Heme oxygenase substrates acutely lower blood pressure in hypertensive rats

R. A. Johnson, M. Lavesa, K. DeSeyn, M. J. Scholer and A. Nasjletti
Department of Pharmacology, New York Medical College, Valhalla 10595, USA.

Heme oxygenase catalyzes the metabolism of heme to biliverdine, free iron, and carbon monoxide. The current study was designed to determine if treatment with the heme oxygenase substrates heme-L-arginate or heme-L-lysinate, to stimulate formation of heme oxygenase products, can lower blood pressure in the rat. Heme-L-arginate (45 mumol/kg ip) and heme-L-lysinate (45 mumol/kg ip) acutely lowered blood pressure in awake spontaneously hypertensive rats (SHR) by approximately 35 mmHg. For both heme oxygenase substrates, this effect was blunted by pretreatment with an inhibitor of heme oxygenase, zinc deuteroporphyrin 2,4-bis glycol. Heme-L-lysinate also lowered arterial pressure in deoxycorticosterone acetate-salt hypertensive rats and in rats with phenylephrine-induced hypertension, indicating that the vasodepressive actions of heme may be extended to other hypertensive models. However, neither heme-L-arginate nor heme-L-lysinate decreased blood pressure in normotensive controls. The heme oxygenase product biliverdine did not lower blood pressure in SHR, and the vasodepressive actions of heme-L-lysinate were unaffected by pretreatment with deferoxamine to chelate free iron.

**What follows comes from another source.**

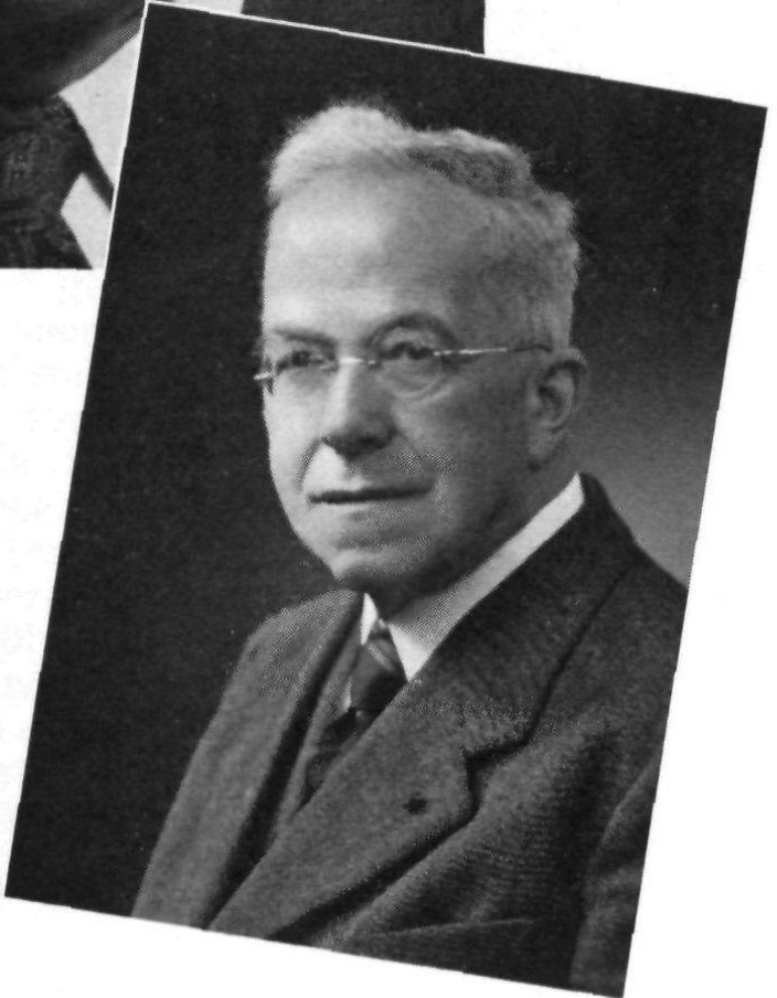
Regierungsrat Eugen Preisig, Herisau

Carbon monoxide (12 ml/kg ip) lowered blood pressure in SHR and in rats made hypertensive by phenylephrine infusion, had no effect on blood pressure in Wistar-Kyoto rats, and elicited only a modest vasodepressive response in normotensive Sprague-Dawley rats. We conclude that heme-bearing preparations can lower blood pressure in hypertensive rats, presumably via heme oxygenase-mediated formation of carbon monoxide.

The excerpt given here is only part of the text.